Wednesday, March 28, 2012

day 33 - fade to grey

i have been accused of being mean and bullying by two different women lately.  ironically they are both from the same faith background that i came from.  one no longer attends that kind of church, but is still firmly rooted in it's theology, and the other, ironically has just been going for the past couple of years.  i say ironic because it's not a common belief system and near non-existent in our area - god plopping her down into my circle makes me shake my head and wonder what he's up to. the other person is my sister.

i challenged my sister on health care, she's praying for the supreme court to kill the aca - she knows how social medicine has been a huge blessing in our life, how can she forget that even though our father had the best insurance money can buy that our inheritance was stolen from us because our father had to pay for my mothers medical bills when she died - it left him near bankrupt, medicare is saving him from ending up on welfare and she even has her own children in state sponsored medical care.  i challenged her hypocrisy - and she told me i was mean.  she made it this strange political war between conservative good and liberal evil.  she was on the right side of things, and i obviously had lost my way.
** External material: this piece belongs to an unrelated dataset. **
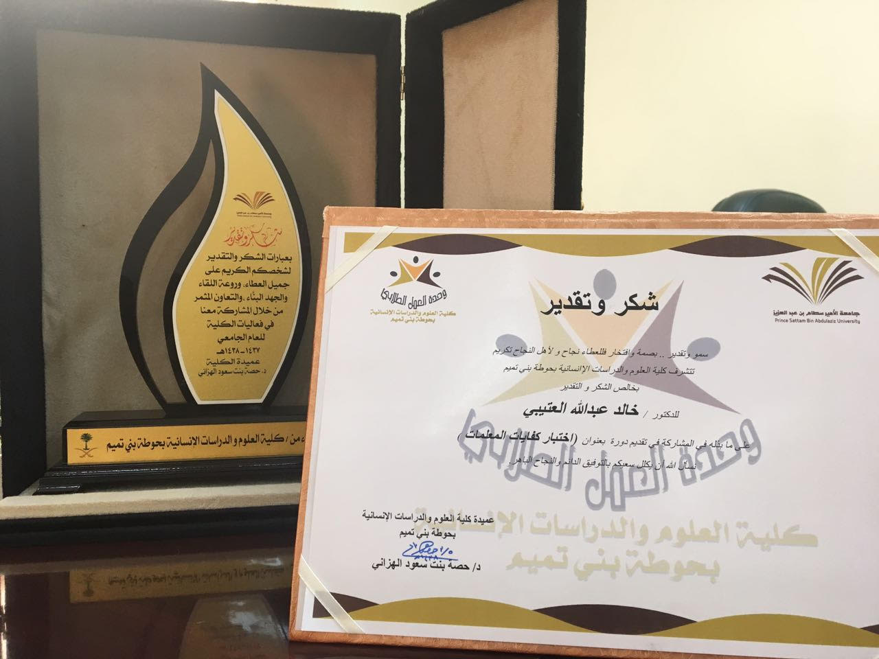 نظّمت وحدة الخريجات بالتعاون مع وحدة العمل الطلابي بكلية العلوم والدراسات الإنسانية بحوطة بني تميم دورة بعنوان (اختبار كفايات المعلمات) قدمها د. خالد بن عبدالله العتيبي عميد كلية إدارة الأعمال والمستشار في مركز قياس سابقاً وذلك يوم الأحد الموافق 5/ 3/ 1438هـ في مسرح الكلية. وقد احتوت الدورة على عدة محاور منها الخلفية التاريخية للاختبار وماهو الاختبار وآلية إعداد معاييره وأمثلة لاختبارات سابقة. وفي نهاية الدورة أجاب الدكتور على استفسارات الحاضرات كما قدمت عميدة الكلية د. حصة الهزاني شكرها وتقديرها للدكتور خالد على مابذله من جهد ووقت لتقديم هذه الدورة وتم تسلميه شهادة شكر ودرع تقديرًا لجهده المبذول. هذا وقد شهدت الدورة حضورًا كثيفًا من خريجات الكلية وخريجات جامعات أخرى.

this other woman burned through a whole afternoon blathering on in lingo that i haven't been exposed to in decades - it made me itch and squirm inside.  she has started to come to our recovery group and was asking for my help.  the few times i was able to get a word in edgewise i challenged some of her inconsistencies in the things she was saying.  i pointed out areas that might not be helping her in her hope for recovery and healing.

both painted me as the bad guy, the mean bully.  and it's totally possible that i am and can be - but while i usually take this stuff, apologize and move on i decided that this time i was going to sit with this and untangle it.  some of the things that i realized were really interesting.  fundamentalists are known for their black and white thinking, so are alcoholics.  the irony is not lost on me...  it was so important for my sister to reduce us to opposing teams - that way she could cheer for hers and hope mine lost.  it was empowering to realize this and help her understand that this had nothing to do with politics for me - it had to do with her, and my niece and nephews quality of life.  pointing out to her that we are not on teams, and this is not a game helped me smash that false dichotomy she had constructed.  i think it helped her to crack the door just a tiny bit.
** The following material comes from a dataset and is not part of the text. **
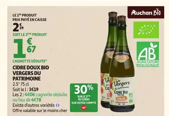 Actuellement en offre chez Auchan : Cidre doux bio vergers du patrimoine ✅ Valable du 2-01 au 11-01.

i also was able to tell them both that their discomfort could just be that - their discomfort, laying it all at my feet wasn't healthy - maybe there actually was something that i was pointing out that really needed to see the light of day, and to blame me because i had aimed light at it might be easy, but in the long run counterproductive.
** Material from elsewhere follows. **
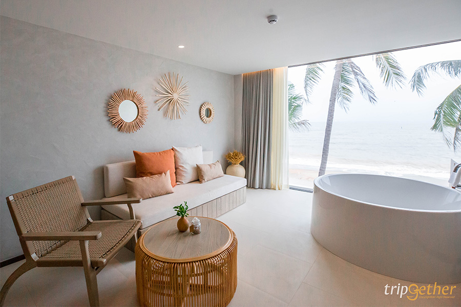 VALA Hua Hin โรงแรมสไตล์มินิมอลสุดเก๋ติดทะเล ตั้งอยู่ระหว่างชะอำ – หัวหิน มาพร้อมแนวคิด “Nature’s Touch with a Modern Design” ตัวที่พักเน้นการตกแต่งด้วยสีขาวคลีน ตัดกับสีเขียวของธรรมชาติและสีฟ้าของท้องฟ้าและน้ำทะเล อีกทั้งยังมีห้องพักให้เลือกหลากหลายรูมไทป์ ใครชอบนอนมองวิวทะเลก็ต้องเลือกห้อง Beachfront เลย เพราะมีกระจกบานใหญ่ มองเห็นทะเลแบบพาโนรามา แถมมีอ่างอาบน้ำให้แช่ตัวข้างกระจกด้วย ภายในห้องพักตกแต่งหรูหรา แต่ยังคงเน้นความเป็นมินิมอลเอาไว้ อีกทั้งยังครบครันไปด้วยสิ่งอำนวยความสะดวกมากมาย ใครที่กำลังมองหาที่พักริมทะเล บรรยากาศดี ดีไซน์ปังๆ อยู่ต้องมาที่นี่เลย

and the final thing that i was able to untangle was to explain to my new friend, that i can be critical of a system and not be critical of her - if she was tying herself to that system that was her choice, not mine.  i explained to both of them that i would sit with the mean/bully accusations, and i apologized if i was mean, but know that i wasn't mean-spirited - i realized how important it was for me to stand up for myself instead of just folding or ignoring and placing some big boundaries between this newcomer and myself.  she's got a whole load of crazy she's looking to lay at someone's feet - been there, done that, and not buying another ticket thank you very much.  i like my technicolor world, filled with nuance and lovely shades of grey.